I reported it to the Cambridge Police an hour later. Taking some time to gain resilience- it was upsetting. The routine query and my describing the guy followed. The officer looked at my shoes when I told him that I had kicked him, and he remarked: 'That must have hurt him !' I said :'I hope so.'

He asked me if I could identify the culprit if I saw him again and said that a detective might get in touch with me later.

We duly thanked the officer and went to the potluck. They loved the baked chicken legs I made. It was a great party. I specially liked the making of "Feuerzangenbowle" (fire pliers punch)

Don't worry, we didn't have to drink it with the fire.

My analysis:
We had an ad shoot at Prudential, and I was dressed in formal and killer boots. Probably that incited him. Only if he knew I am a Poor Indian Graduate Student (PIGS), carrying everything in my purse- including my new phone and my camera for the party.
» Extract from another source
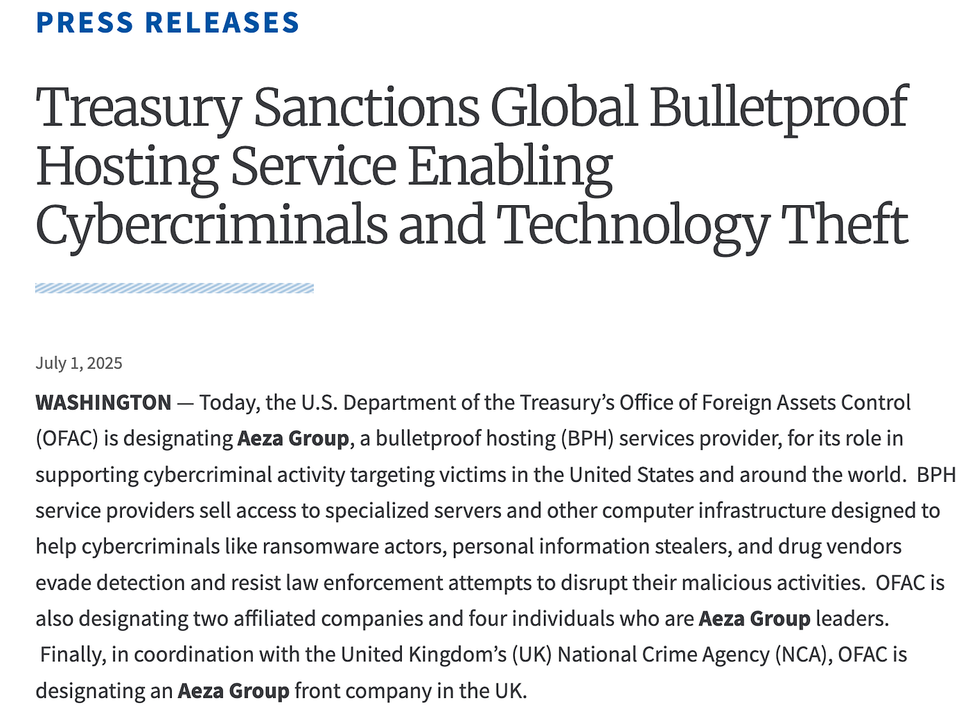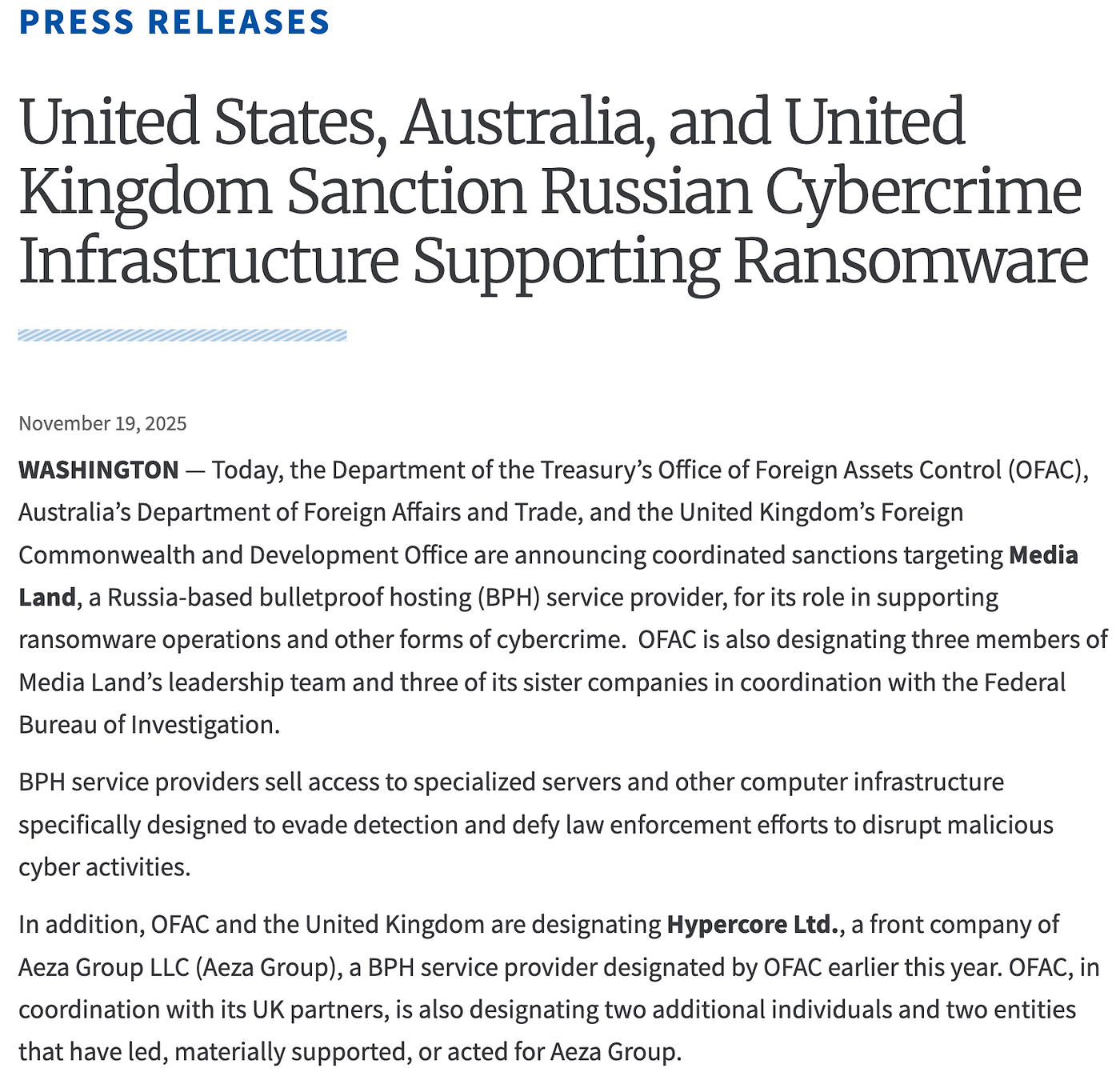 On November 19, 2025, the U.S. Department of the Treasury’s Office of Foreign Assets Control (OFAC), Australia’s Department of Foreign Affairs and Trade (DFAT), and the United Kingdom’s Foreign, Commonwealth & Development Office (FCDO) jointly announced a new round of sanctions against multiple Russia-based bulletproof hosting (BPH) providers and associated individuals, citing their support for cybercrime activities, including ransomware operations. The primary targets of this action include key leaders and affiliated entities of Media Land, as well as core members of Aeza Group and related shell companies.

And of course, my wallet with cards and cash in it, key rings, a perfume, comb, a DVD I had to return. I thought I was carrying my passport too. I wouldn't have given it away for anything.

I had the potluck to attend so I was carrying some food - that put me at a disadvantage. Usually they target women with infants or heavy loads.

He looked like a drug addict to me - in dire need of some cash.

One of my friends said : He was too slow, if it was your purse.
I said: I probably look less dangerous than I am.